▼▼▼
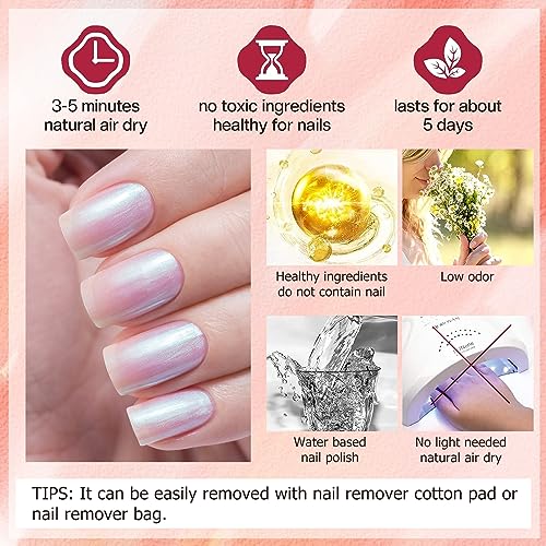 - 【Environmental & Healthy】 Our Nail Polish was made of natural resin, healthy and environment-friendly.Healthy ingredient with low odor! No harsh ingredients or adhesives that lead to damaged nails.
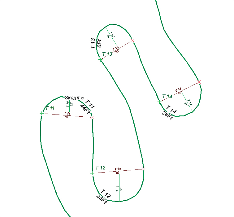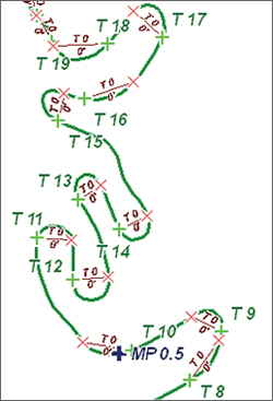 Point T1, the green crosshair located at MP 0.0. Extend the line to the next red "x" and double-click to terminate the chord. Notice that it will be immediately labeled with zero values. Continue moving up the road, building Chord 2.
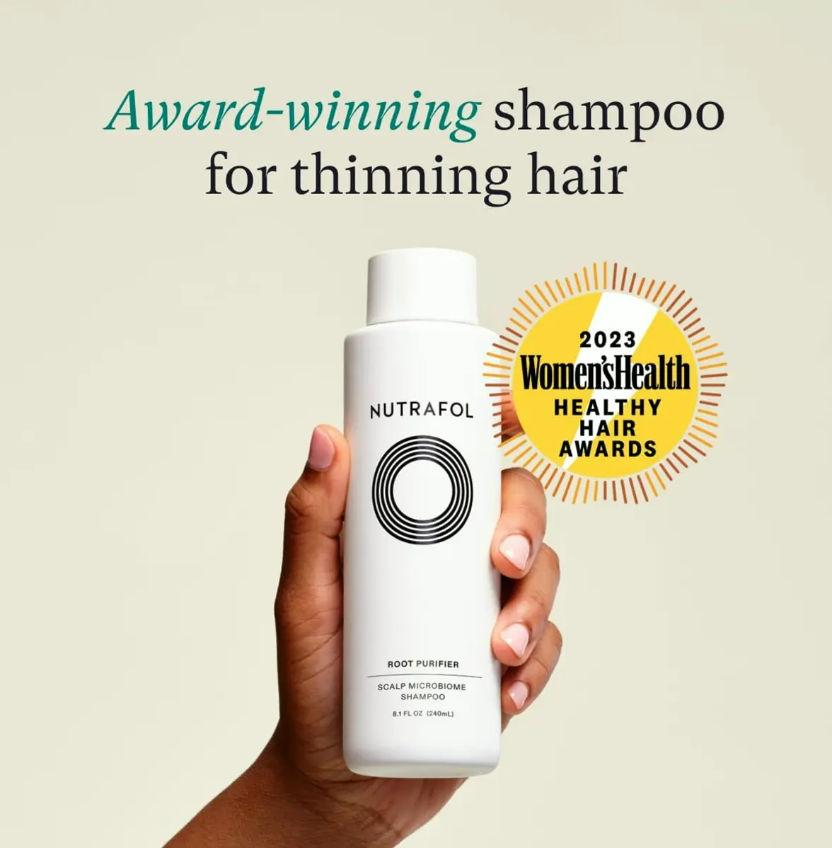 DAILY CLEANSING SHAMPOO: One 8.1-fluid-ounce bottle of Nutrafol Root Purifier Shampoo designed by physicians for hydrating the scalp and hair while improving volume and strength. COLOR-SAFE FOR WOMEN WITH THINNING HAIR: Sulfate-free, dry scalp shampoo deeply cleanses and eliminates excess oils without drying out the scalp. RESULTS IN 2 WEEKS: In a clinical trial, 100% of participants showed immediate improvement in dryness and flakiness and 100% saw a reduction in sebum after 2 weeks. EFFECTIVE AND HYDRATING: Nutrafol shampoo contains antioxidants from Australian Wild Berries, Vegan Proteins, and prebiotics for supporting hair health. CERTIFIED MICROBIOME-FRIENDLY: Nutrafol Scalp Care is one of the limited product lines to be approved as microbiome-friendly by MyMicrobiome. The certification process ensures that products do not upset the balance of the scalp’s microbiome and preserve the diversity of the scalp ecosystem.
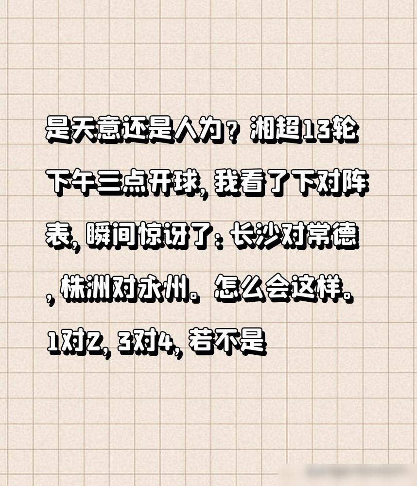 是天意弄人,还是人为操弄? 湘超第13轮赛事于下午三点准时开球。 乍一看,真像有一双无形的手在幕后拨弄棋局,非得在收官战把所有的恩怨情仇一次清算。 但咱们不妨把目光放远点,瞧瞧整个联赛的脉络,这种“巧合”或许正是竞技体育最残酷也最公平的剧本,强者恒强,狭路相逢,所有的悬念都留到最后时刻才肯撕开一角。 你瞧瞧长沙和常德这场巅峰对决。 长沙队一路高歌猛进,金身不破,俨然一副王者气象。 而常德呢,手握联赛最锋利的矛,赵文荻那双进了10个球的脚,早就饥渴难耐,瞄准了常规赛金靴。 这场面,哪里是普通的联赛收官战,分明是决赛的提前预演! 是长沙在主场球迷的山呼海啸中继续书写不败神话,还是常德用狂暴的进攻砸开胜利之门? 这场比赛的结果,远不止3分那么简单,它直接给即将到来的淘汰赛定下基调。 赢家,将带着无可匹敌的自信踏入更残酷的赛场。 输家,恐怕要带着心理阴影去迎接接下来的恶战。 视线转到株洲与永州的搏杀场。 株洲队上一轮意外失分,从第二滑落到第三,此番回到素有“魔鬼主场”之称的自家地盘,目标只有一个,全取三分,把失去的排名夺回来! 他们不仅要赢,还得盼着长沙能帮他们拦住常德,这心思,够煎熬的。 另一边的永州,这匹赛季中段冲出的黑马,最近连折两阵,是气数已尽还是短暂蛰伏? 他们的定位球战术可是让不少强队吃了苦头。 这场较量,是株洲凭借主场气势一鼓作气,还是永州用一次精准的“远程轰炸”让主队球迷鸦雀无声? 这场比赛的胜负,如同一只蝴蝶的翅膀,轻轻一扇,就将彻底改变季后赛的对阵格局,牵一发而动全身。 说到底,这种看似“人为操弄”的完美对阵,恰恰是漫长赛季优胜劣汰自然筛选的结果。 最强的队伍凭借实力爬到了最高的位置,他们在收官战相遇,是偶然也是必然。 这并非组委会的刻意安排,而是实力相当者最终会迎来的命运碰撞。 这背后,是积分规则的冰冷计算,是球队整个赛季拼搏的累积效应。 所以,别再纠结于是天意还是人为。 把目光投向绿茵场吧! 今天下午三点,七场大战同时打响,每一块草皮上都燃烧着不同的渴望,有的是争冠的野望,有的是保级的挣扎,还有的是为城市荣誉而战的不屈灵魂。 这才是足球最原始、最动人的魅力所在,在限定的时间和空间里,用汗水、技术和意志,书写最不可预测的结局。 我们不妨搬好小板凳,准备好呐喊与心跳,共同见证这常规赛最终章的华丽与残酷。
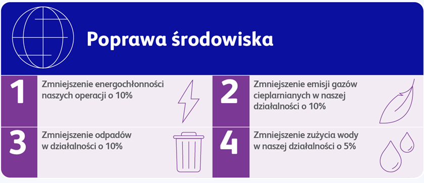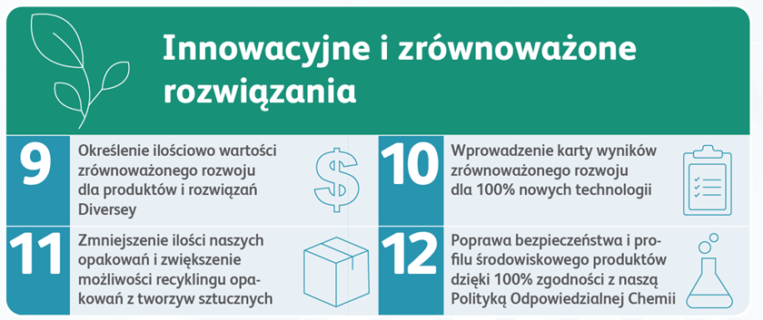 Diversey zawsze postrzegał dbałość o środowisko, jako skuteczną strategię biznesową. Eliminacja marnotrawstwa w naszej działalności i zwiększenie wydajności poprzez odpowiednie wykorzystanie zasobów we wszystkich obiektach Diversey napędza postęp w zakresie ochrony środowiska i zwrot finansowy z inwestycji. Ponadto, nasze zaangażowanie w ochronę środowiska wykracza poza naszą działalność. Wykorzystujemy możliwość ograniczenia ilości odpadów, oszczędzenia wody i energii na obiektach naszych klientów, dostarczając innowacje ukierunkowane na zrównoważony rozwój. Nasze podejście w kwestii projektowania produktów przechodząc przez cały cykl jego życia i wszystkie powiązane aspekty sprawia, że zapewniamy bezpieczeństwo i ochronę środowiska w całym łańcuchu wartości.
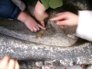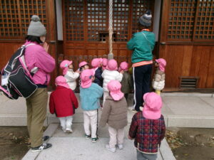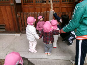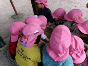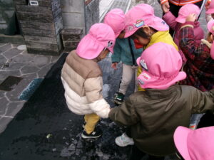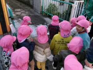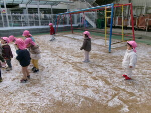 雪を見つけると「みーつけた!」を言いたくて^_^たくさん見つけましたよ!神社では氷ができてるかも?といつも水が張っているところを覗きに行って少しの水が凍ってて冷た〜い!と大喜びでした。こんな寒い日も楽しめる丈夫な子どもたちでした。
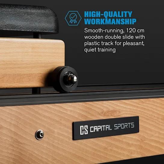 - Veľmi kvalitné spracovanie: hladko pohyblivé, 120 cm drevené dvojité koľajničky s plastovou klznou dráhou pre príjemný a tichý tréning
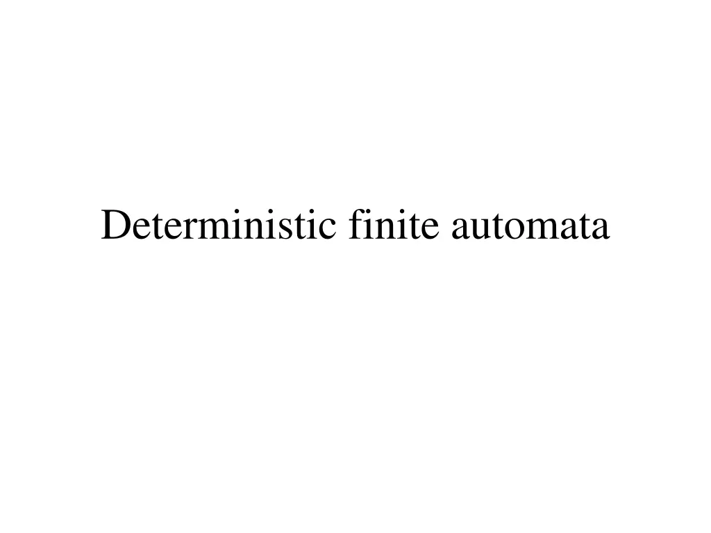 Deterministic Finite Automata A deterministic finite automaton (DFA) is a 5-tuple (Q, , , q0, F) where Q is a finite set of states is an alphabet : Q Q is a transition function q0 Q is the initial state F Q is a set of accepting states (or final states). In diagrams, the accepting states is be denoted by double loops (or plus)
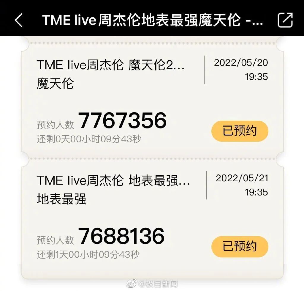 据极目新闻 ,在QQ音乐平台上,该平台已有近776万人预约观看周杰伦这场演唱会重映,再加上21日晚重映的周杰伦地表最强2019演唱会,两场演唱会的预约人数已突破1545万人。
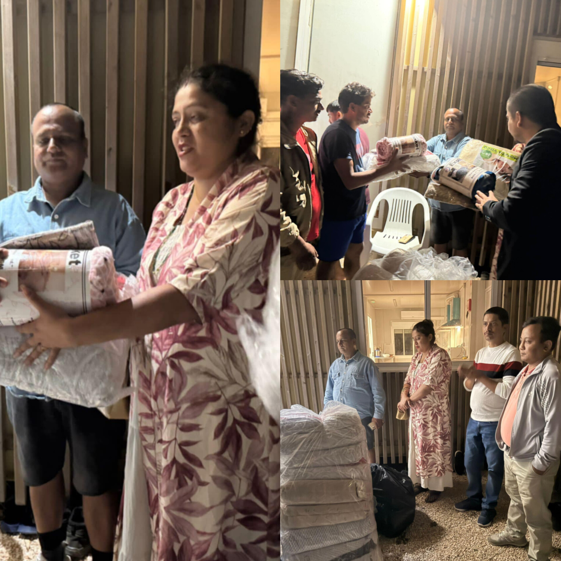 प्रवासमा पनि नेपाली अभिभावक रहेछ भन्ने आभास भएको गुल्मिका लोकु सेन बताउछन । राहत बितरणमा एनआरएनए राष्ट्रिय समन्वय समितिका केन्द्रीय सचिब तिलक गैरे ,आइसिसी सदस्य राजकुमार गुरुङ्ग , उपाध्यक्ष द्वय निर्पेश गिरि, सुदन निउरे, महासचिव गोबिन्द बुढाथोकी , सदस्यहरू बिनोद के सि हरि देवकोटा लगायतको उपस्थिती रहेको पत्रकार दिपक भण्डारीले जानकारी गराउनुभयो ।
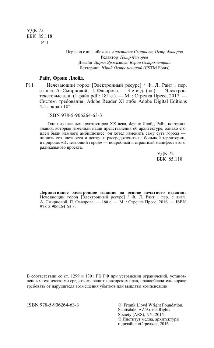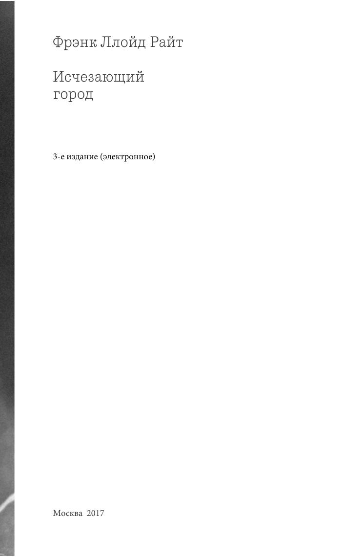 Один из главных архитекторов XX века, Фрэнк Ллойд Райт, построил здания, которые изменили наши представления об архитектуре, однако его идеи были намного амбициознее: он хотел изменить саму суть города — лишить его плотности и центра и рассредоточить на большой территории, в природе. «Исчезающий город» — подробный и страстный манифест этого радикального проекта.
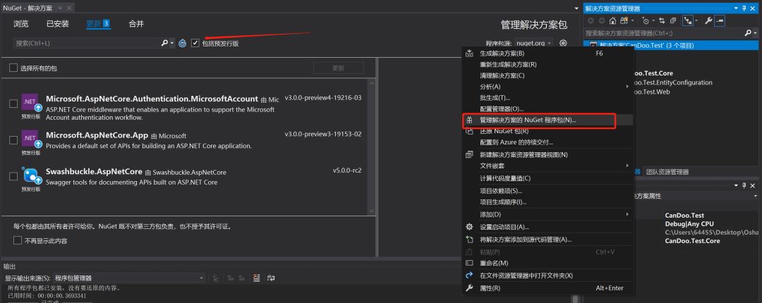 补充说明:OsharpNS正在大力完善中,更新比较快,如果需要更新OsharpNS的引用,请点击在解决方案上,右击,点击管理解决方案的Nuget程序包...,切换到更新标签,勾选包括预发行版(因为OsharpNS处于预发行状态,只更新Osharp相关的即可,其他的预发行的包别去用)
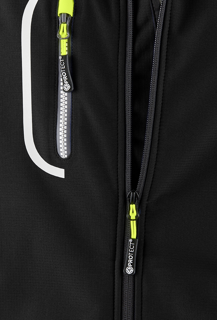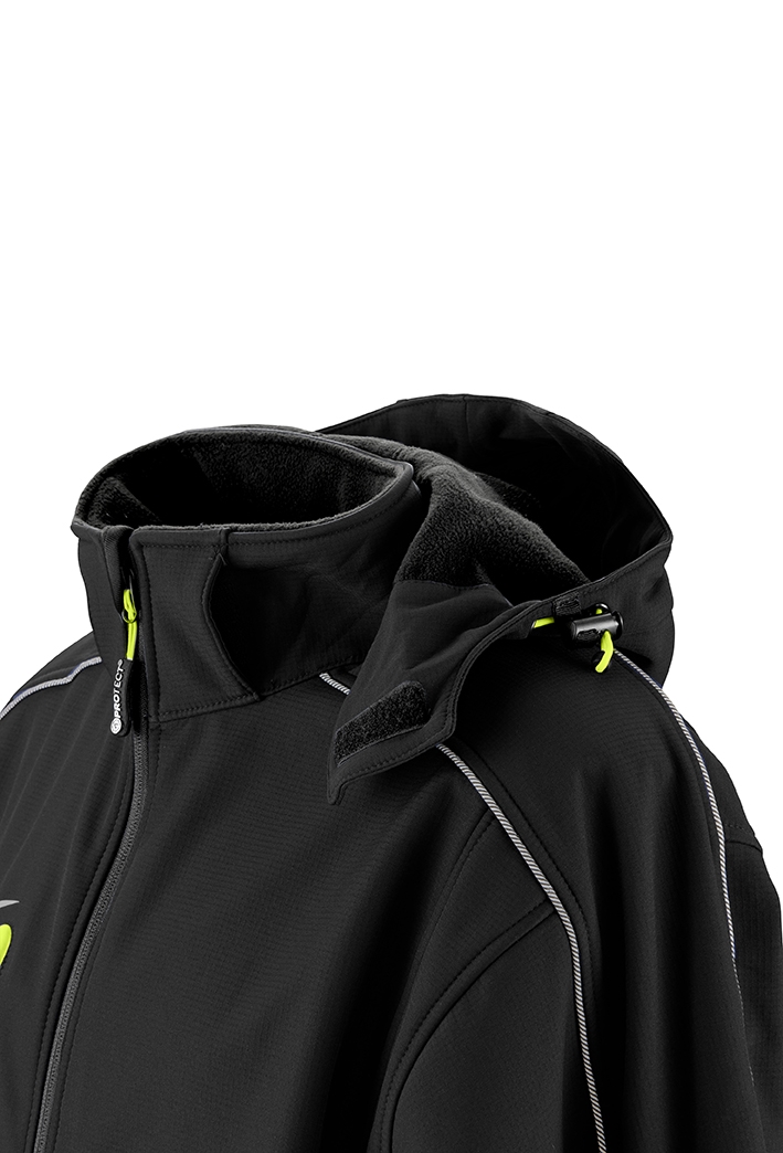 - Obermaterial: 100% Polyester (Ripstop-Softshell)
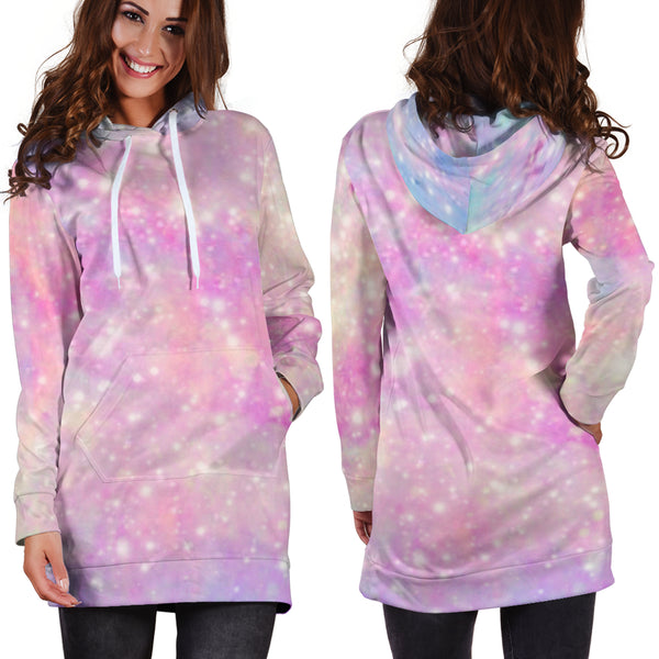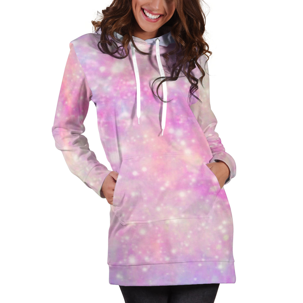 Studio11Couture Women Hoodie Dress Hooded Tunic Galaxy Pastel 6 Athleisure Sweatshirt
▲▲▲
▶ REQUIRED ACTION: Output every record above exactly, leaving out the pictures.

▶ ANSWER SECTION:
 - 【Environmental & Healthy】 Our Nail Polish was made of natural resin, healthy and environment-friendly.Healthy ingredient with low odor! No harsh ingredients or adhesives that lead to damaged nails.
 Point T1, the green crosshair located at MP 0.0. Extend the line to the next red "x" and double-click to terminate the chord. Notice that it will be immediately labeled with zero values. Continue moving up the road, building Chord 2.
 DAILY CLEANSING SHAMPOO: One 8.1-fluid-ounce bottle of Nutrafol Root Purifier Shampoo designed by physicians for hydrating the scalp and hair while improving volume and strength. COLOR-SAFE FOR WOMEN WITH THINNING HAIR: Sulfate-free, dry scalp shampoo deeply cleanses and eliminates excess oils without drying out the scalp. RESULTS IN 2 WEEKS: In a clinical trial, 100% of participants showed immediate improvement in dryness and flakiness and 100% saw a reduction in sebum after 2 weeks. EFFECTIVE AND HYDRATING: Nutrafol shampoo contains antioxidants from Australian Wild Berries, Vegan Proteins, and prebiotics for supporting hair health. CERTIFIED MICROBIOME-FRIENDLY: Nutrafol Scalp Care is one of the limited product lines to be approved as microbiome-friendly by MyMicrobiome. The certification process ensures that products do not upset the balance of the scalp’s microbiome and preserve the diversity of the scalp ecosystem.
 是天意弄人,还是人为操弄? 湘超第13轮赛事于下午三点准时开球。 乍一看,真像有一双无形的手在幕后拨弄棋局,非得在收官战把所有的恩怨情仇一次清算。 但咱们不妨把目光放远点,瞧瞧整个联赛的脉络,这种“巧合”或许正是竞技体育最残酷也最公平的剧本,强者恒强,狭路相逢,所有的悬念都留到最后时刻才肯撕开一角。 你瞧瞧长沙和常德这场巅峰对决。 长沙队一路高歌猛进,金身不破,俨然一副王者气象。 而常德呢,手握联赛最锋利的矛,赵文荻那双进了10个球的脚,早就饥渴难耐,瞄准了常规赛金靴。 这场面,哪里是普通的联赛收官战,分明是决赛的提前预演! 是长沙在主场球迷的山呼海啸中继续书写不败神话,还是常德用狂暴的进攻砸开胜利之门? 这场比赛的结果,远不止3分那么简单,它直接给即将到来的淘汰赛定下基调。 赢家,将带着无可匹敌的自信踏入更残酷的赛场。 输家,恐怕要带着心理阴影去迎接接下来的恶战。 视线转到株洲与永州的搏杀场。 株洲队上一轮意外失分,从第二滑落到第三,此番回到素有“魔鬼主场”之称的自家地盘,目标只有一个,全取三分,把失去的排名夺回来! 他们不仅要赢,还得盼着长沙能帮他们拦住常德,这心思,够煎熬的。 另一边的永州,这匹赛季中段冲出的黑马,最近连折两阵,是气数已尽还是短暂蛰伏? 他们的定位球战术可是让不少强队吃了苦头。 这场较量,是株洲凭借主场气势一鼓作气,还是永州用一次精准的“远程轰炸”让主队球迷鸦雀无声? 这场比赛的胜负,如同一只蝴蝶的翅膀,轻轻一扇,就将彻底改变季后赛的对阵格局,牵一发而动全身。 说到底,这种看似“人为操弄”的完美对阵,恰恰是漫长赛季优胜劣汰自然筛选的结果。 最强的队伍凭借实力爬到了最高的位置,他们在收官战相遇,是偶然也是必然。 这并非组委会的刻意安排,而是实力相当者最终会迎来的命运碰撞。 这背后,是积分规则的冰冷计算,是球队整个赛季拼搏的累积效应。 所以,别再纠结于是天意还是人为。 把目光投向绿茵场吧! 今天下午三点,七场大战同时打响,每一块草皮上都燃烧着不同的渴望,有的是争冠的野望,有的是保级的挣扎,还有的是为城市荣誉而战的不屈灵魂。 这才是足球最原始、最动人的魅力所在,在限定的时间和空间里,用汗水、技术和意志,书写最不可预测的结局。 我们不妨搬好小板凳,准备好呐喊与心跳,共同见证这常规赛最终章的华丽与残酷。
 Diversey zawsze postrzegał dbałość o środowisko, jako skuteczną strategię biznesową. Eliminacja marnotrawstwa w naszej działalności i zwiększenie wydajności poprzez odpowiednie wykorzystanie zasobów we wszystkich obiektach Diversey napędza postęp w zakresie ochrony środowiska i zwrot finansowy z inwestycji. Ponadto, nasze zaangażowanie w ochronę środowiska wykracza poza naszą działalność. Wykorzystujemy możliwość ograniczenia ilości odpadów, oszczędzenia wody i energii na obiektach naszych klientów, dostarczając innowacje ukierunkowane na zrównoważony rozwój. Nasze podejście w kwestii projektowania produktów przechodząc przez cały cykl jego życia i wszystkie powiązane aspekty sprawia, że zapewniamy bezpieczeństwo i ochronę środowiska w całym łańcuchu wartości.
 雪を見つけると「みーつけた!」を言いたくて^_^たくさん見つけましたよ!神社では氷ができてるかも?といつも水が張っているところを覗きに行って少しの水が凍ってて冷た〜い!と大喜びでした。こんな寒い日も楽しめる丈夫な子どもたちでした。
 - Veľmi kvalitné spracovanie: hladko pohyblivé, 120 cm drevené dvojité koľajničky s plastovou klznou dráhou pre príjemný a tichý tréning
 Deterministic Finite Automata A deterministic finite automaton (DFA) is a 5-tuple (Q, , , q0, F) where Q is a finite set of states is an alphabet : Q Q is a transition function q0 Q is the initial state F Q is a set of accepting states (or final states). In diagrams, the accepting states is be denoted by double loops (or plus)
 据极目新闻 ,在QQ音乐平台上,该平台已有近776万人预约观看周杰伦这场演唱会重映,再加上21日晚重映的周杰伦地表最强2019演唱会,两场演唱会的预约人数已突破1545万人。
 प्रवासमा पनि नेपाली अभिभावक रहेछ भन्ने आभास भएको गुल्मिका लोकु सेन बताउछन । राहत बितरणमा एनआरएनए राष्ट्रिय समन्वय समितिका केन्द्रीय सचिब तिलक गैरे ,आइसिसी सदस्य राजकुमार गुरुङ्ग , उपाध्यक्ष द्वय निर्पेश गिरि, सुदन निउरे, महासचिव गोबिन्द बुढाथोकी , सदस्यहरू बिनोद के सि हरि देवकोटा लगायतको उपस्थिती रहेको पत्रकार दिपक भण्डारीले जानकारी गराउनुभयो ।
 Один из главных архитекторов XX века, Фрэнк Ллойд Райт, построил здания, которые изменили наши представления об архитектуре, однако его идеи были намного амбициознее: он хотел изменить саму суть города — лишить его плотности и центра и рассредоточить на большой территории, в природе. «Исчезающий город» — подробный и страстный манифест этого радикального проекта.
 补充说明:OsharpNS正在大力完善中,更新比较快,如果需要更新OsharpNS的引用,请点击在解决方案上,右击,点击管理解决方案的Nuget程序包...,切换到更新标签,勾选包括预发行版(因为OsharpNS处于预发行状态,只更新Osharp相关的即可,其他的预发行的包别去用)
 - Obermaterial: 100% Polyester (Ripstop-Softshell)
 Studio11Couture Women Hoodie Dress Hooded Tunic Galaxy Pastel 6 Athleisure Sweatshirt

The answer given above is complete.